France, Germany Push for Closer Security Ties with US

The leaders of France and Germany have called for closer European coordination with the US on security issues, saying the scope of cooperation needs to be broadened in light of pressing international challenges.

German soldiers stand behind barbed wire at an army base in Wilhelmshaven in Germany

Merkel and Sarkozy say security cooperation with the US has to go beyond strictly military issues

In a joint column posted on the Web site of French newspaper Le Monde on Tuesday, German Chancellor Angela Merkel and French President Nicolas Sarkozy said the US and Europe needed to deepen cooperation on security and strategic issues.

"Unilateral decision-making would contradict the new spirit of our relations," Merkel and Sarkozy wrote, in a veiled reference to the policies of former US President George W. Bush.

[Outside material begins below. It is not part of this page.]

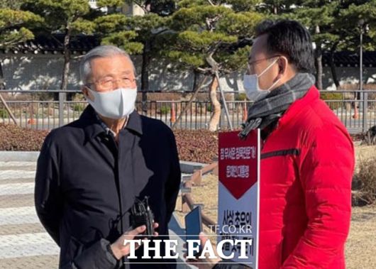 [더팩트ㅣ박경현 기자] 김종인 국민의힘 비상대책위원장이 28일 윤석열 검찰총장의 직무정지 조치와 관련해 청와대 앞 1인시위에 나선 유상범 국민의힘 의원을 만나 격려하며 "추 장관의 모습을 보며 너무너무 역겨워하는 것이 일반적 현상"이라고 말했다.

German Chancellor Angela Merkek with French President Nicolas Sarkozy

Relations between Merkel and Sarkozy have sometimes been strained but the two seem to agree on the need for deeper transatlantic cooperation

"No country today is capable of resolving all the problems of the world ... In light of the current challenges, Europe needs the United States and the United States need a strong European partner," they said. The two called on US President Barack Obama to usher in a new era of transatlantic cooperation.

At the same time, the two leaders admitted that the European Union needed to speak with a stronger and more united voice if it was to be an effective partner of the US.

Leaders call for new NATO strategy

Their comments came as President Obama has vowed to engage more closely with the US' allies and European diplomats began getting to know their new American counterparts.

On Tuesday, Germany and Britain's foreign ministers were in Washington to meet US Secretary of State Hillary Clinton.

Later this week, US Vice President Joe Biden is set to fly to Munich for an annual high-profile security conference that draws military experts and government leaders from all over the world.

Sarkozy and Merkel said Europe and the United States must broaden the scope of their cooperation at a time when security is closely intertwined with most of the pressing global problems.

"As well as strictly military issues, (a concerted security policy) must take into account the international financial situation, energy supplies and migration issues," they said.

Flags flutter at the NATO headquarters in Brussels

The leaders of France and Sarkozy have called for a major rehaul of NATO

The two leaders said they hoped a NATO summit scheduled for April would lead to more progress on transatlantic security and arms-control issues.

"We greatly regret that the 'strategic partnership' between NATO and the EU has not met our expectations, because of persistent disagreements between certain nations," Merkel and Sarkozy said. "We think that has to change."

The two also said they hoped the US would expand efforts to fashion a completely new NATO strategy, rehauling the defense alliance into a global security agency.

The leaders singled out NATO's engagement in Afghanistan, saying a "strong signal" was needed that it will continue to stay involved there.

"We know that the reinforcement of democracy must accompany the military effort. Political approaches must be debated with our partners from the Alliance," they said.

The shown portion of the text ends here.